- [Information]

◇ ◇ ◇ ◇ ◇ ◇ ◇

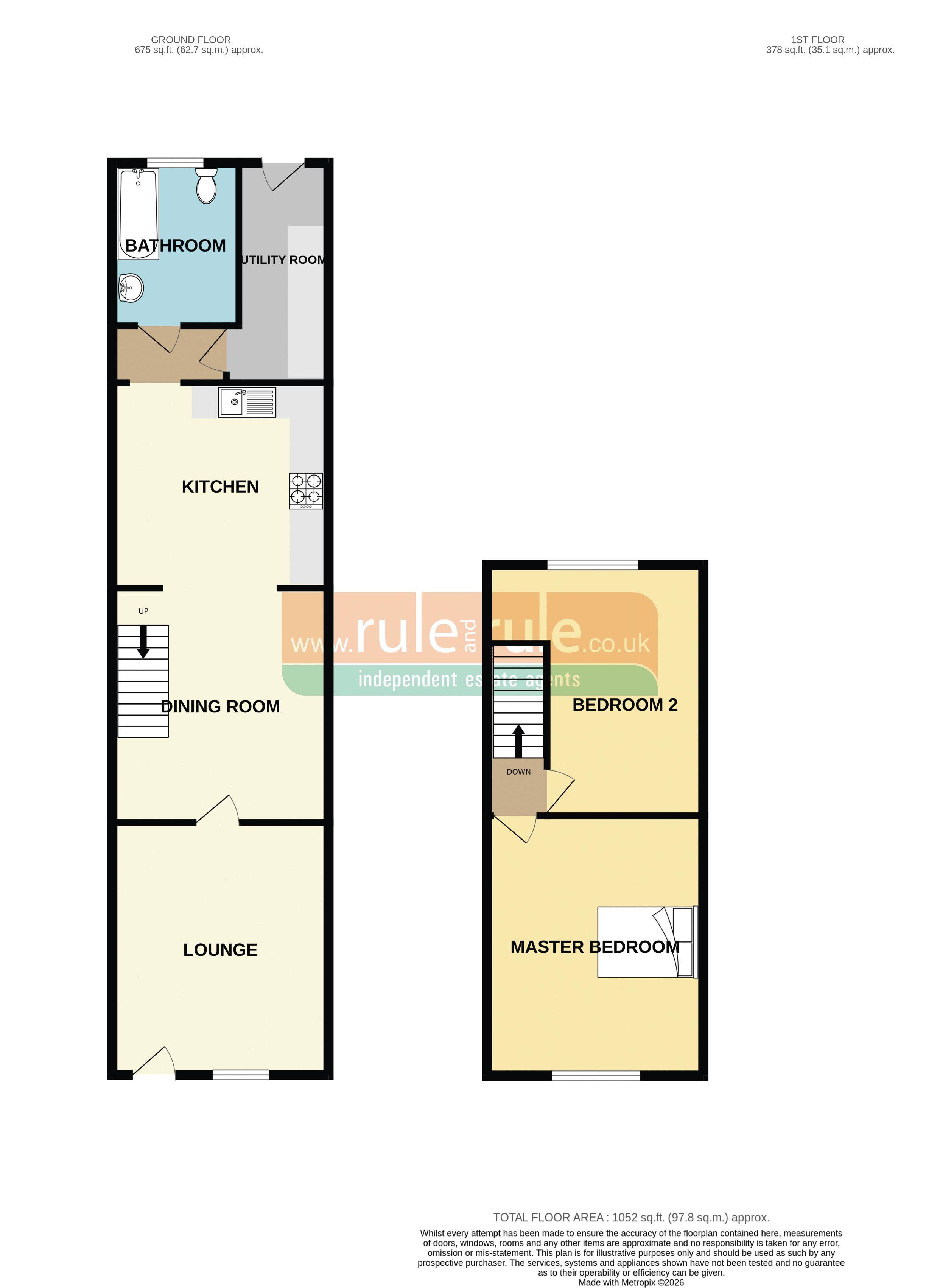 Upstairs, there are two well-presented double bedrooms, each decorated in contemporary tones. Outside, the enclosed rear garden offers a mix of patio and lawn, all bordered by secure fencing—an easy space to enjoy and maintain.
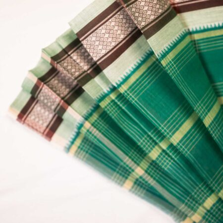 Narayanpet Handloom Pure Silk Saree – Green Pink Checks with Temple Zari Border
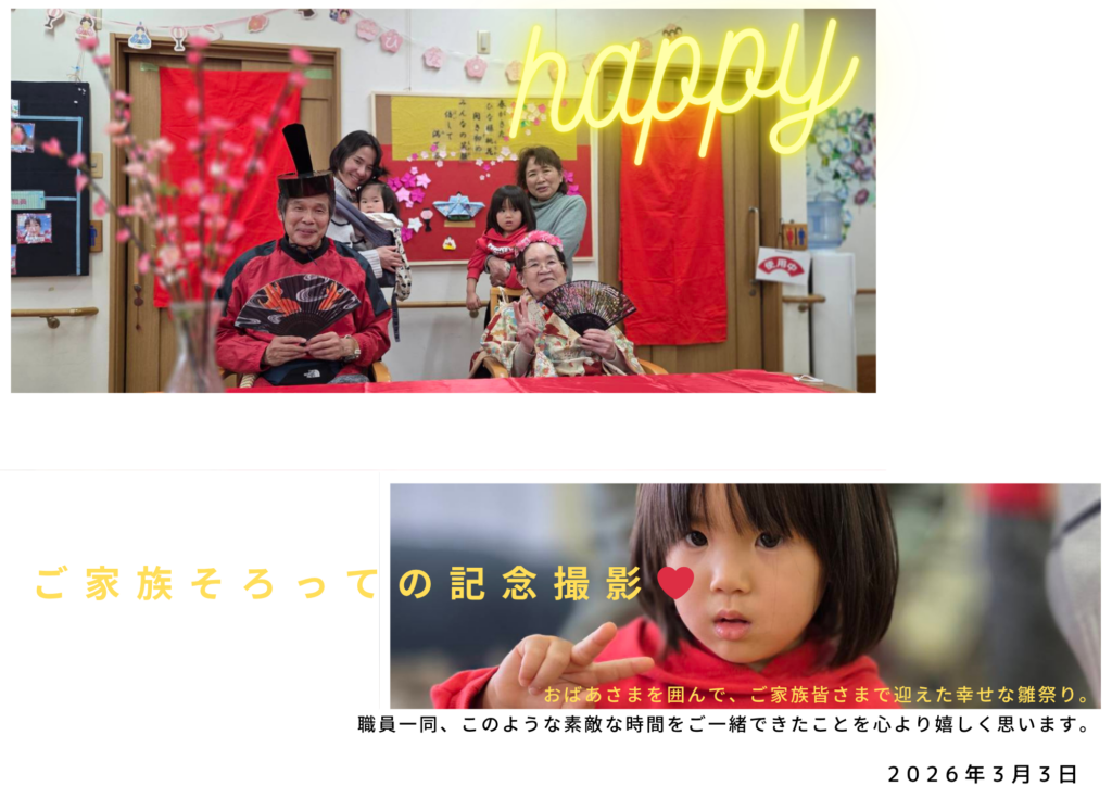 この日は、あるご利用者様のご家族(息子さんご夫婦、娘さん、そしてお孫さん)も駆けつけてくださいました。お雛様に扮したおばあちゃんの姿を見て、お孫さんが「おばあちゃん、可愛い!」と大喜び! その言葉を聞いたご本人も、本当に幸せそうな、満足気な表情を浮かべていらっしゃいました。
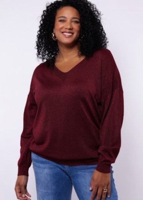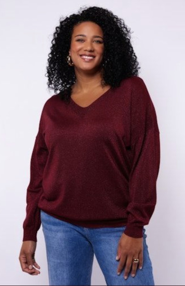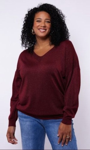- Exxcellent kirsten knip pullover amarone cabernet bordeaux kleur met glitter.
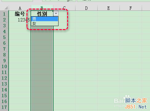 设置成功后点击B列单元格便会弹出男or女的二选一项了。
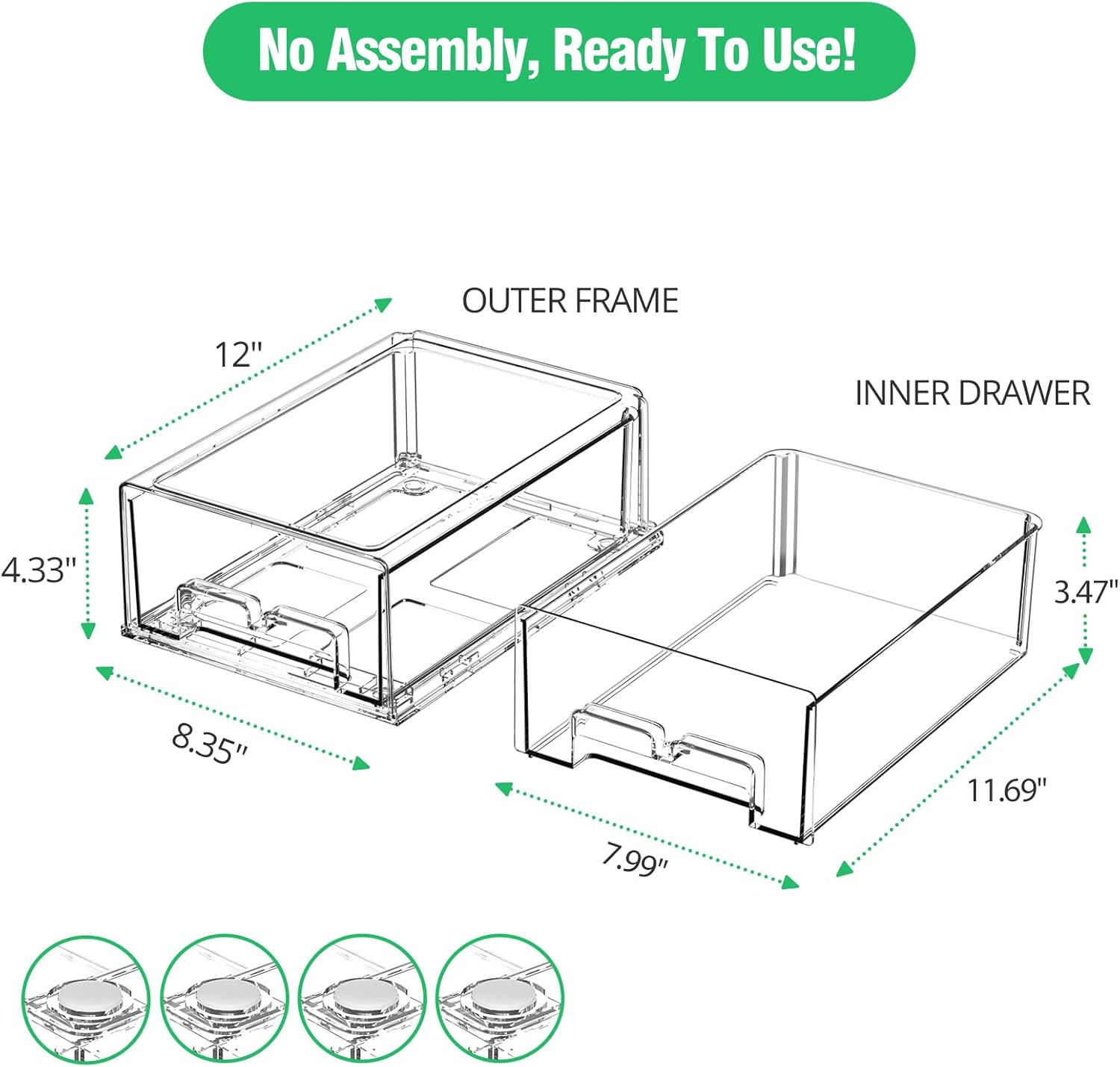 2 Pack Refrigerator Drawers - Fridge Organizer Bins Stackable Storage Drawers, Clear Refrigerator Organizing Containers Pull Out Drawer for Fruit, Vegetable Storage and Keep Fresh
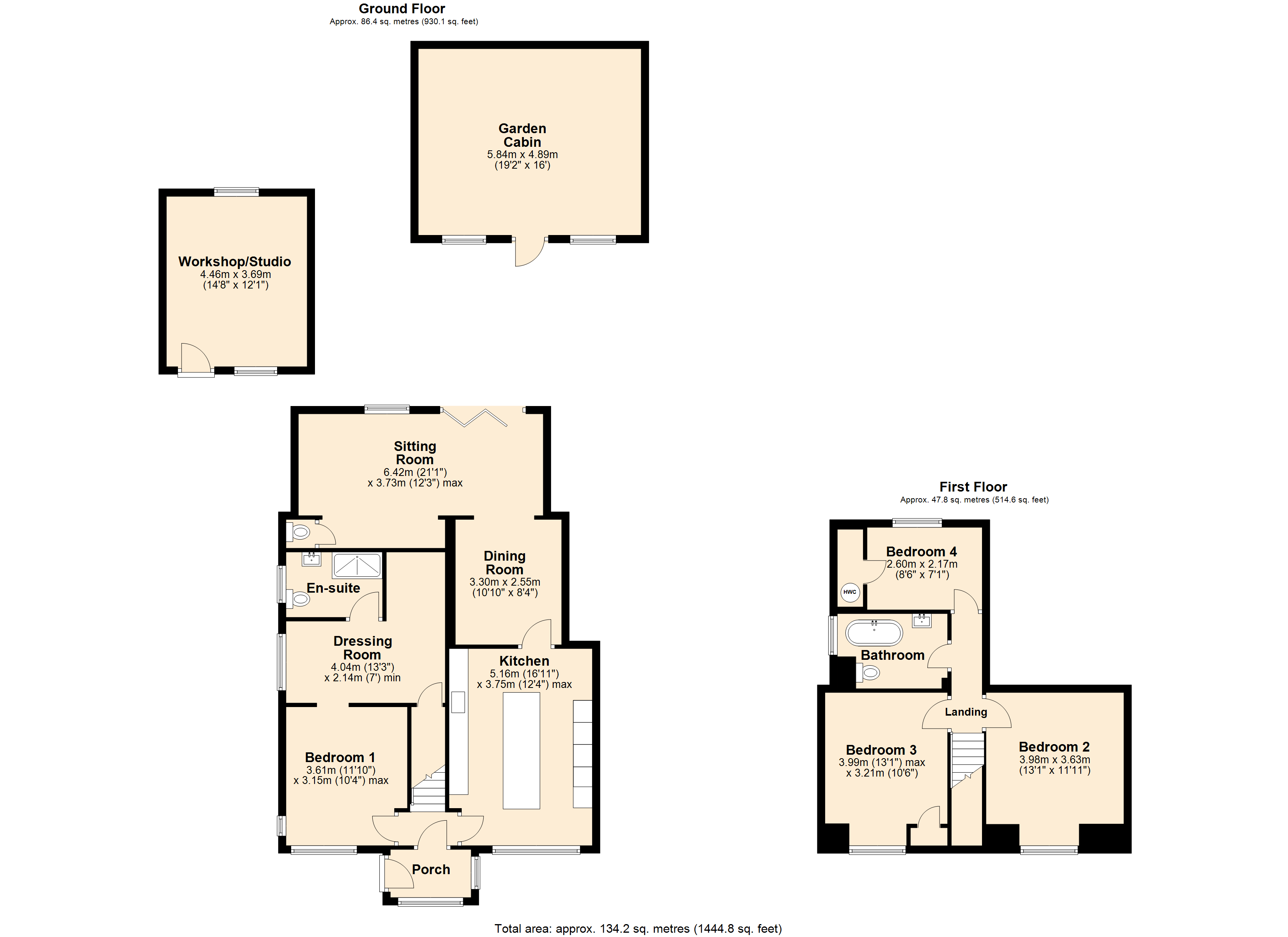 Beyond the seating area, a large expanse of lawn leads to a wildlife corner and substantial timber cabin (19`2” x 16`), fully lined and equipped with light and power, perfect for use as a home office, gym, or creative space.
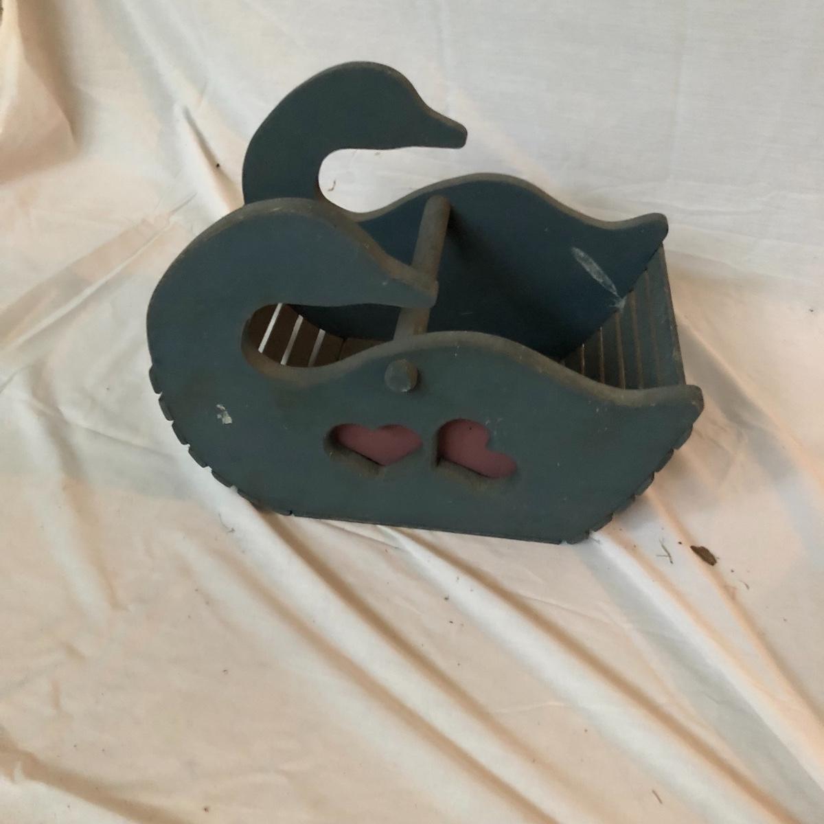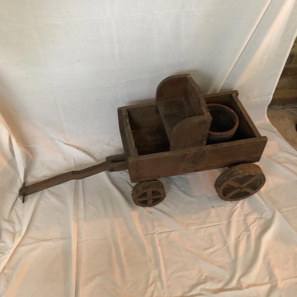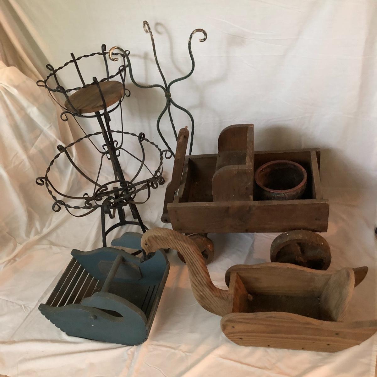 There are 3 metal plant stands and four wooden finds in this great lot. The wooden wagon and two ducks could be used to hold plants or simply left as is for attractive country-style charm indoors or out! The 19.5” x 19” x 15” wooden step stool could also function as a plant stand too. Also included is a small terracotta plant pot.
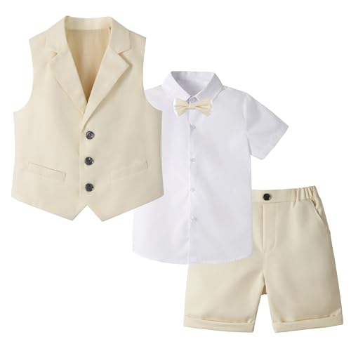 LOLANTA 4-delad barnväst kostym, pojkar bröllopsfest shorts set, sida pojke outfit, skjorta, fluga, shorts, väst, 2-12 år, BEIgE, 5-6 Years
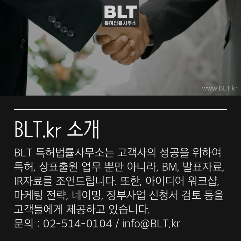 문의 : BLT특허법률사무소 www.BLT.kr / 02-514-0104
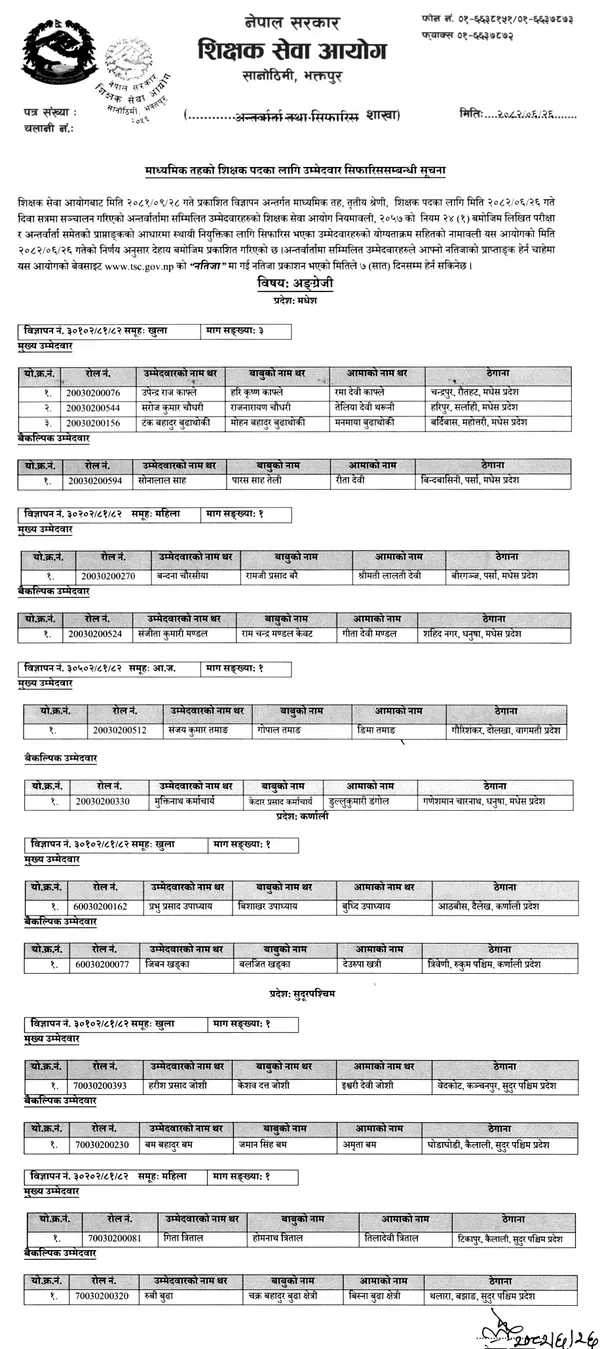 The Teacher Service Commission (TSC), Government of Nepal, has officially published the Secondary Level, Third Class, English Subject Interview Results and Recommendation Notice for candidates from Madhesh, Karnali, and Sudurpaschim Provinces.

◇ ◇ ◇ ◇ ◇ ◇ ◇

- [Required work] For the entries above, the output must hold exactly the lines from the one with "문의 : BLT특허법률사무소 www.BLT.kr / 02-514-0104" through the last line, both included, and no pictures.

- [Solution]
 문의 : BLT특허법률사무소 www.BLT.kr / 02-514-0104
 The Teacher Service Commission (TSC), Government of Nepal, has officially published the Secondary Level, Third Class, English Subject Interview Results and Recommendation Notice for candidates from Madhesh, Karnali, and Sudurpaschim Provinces.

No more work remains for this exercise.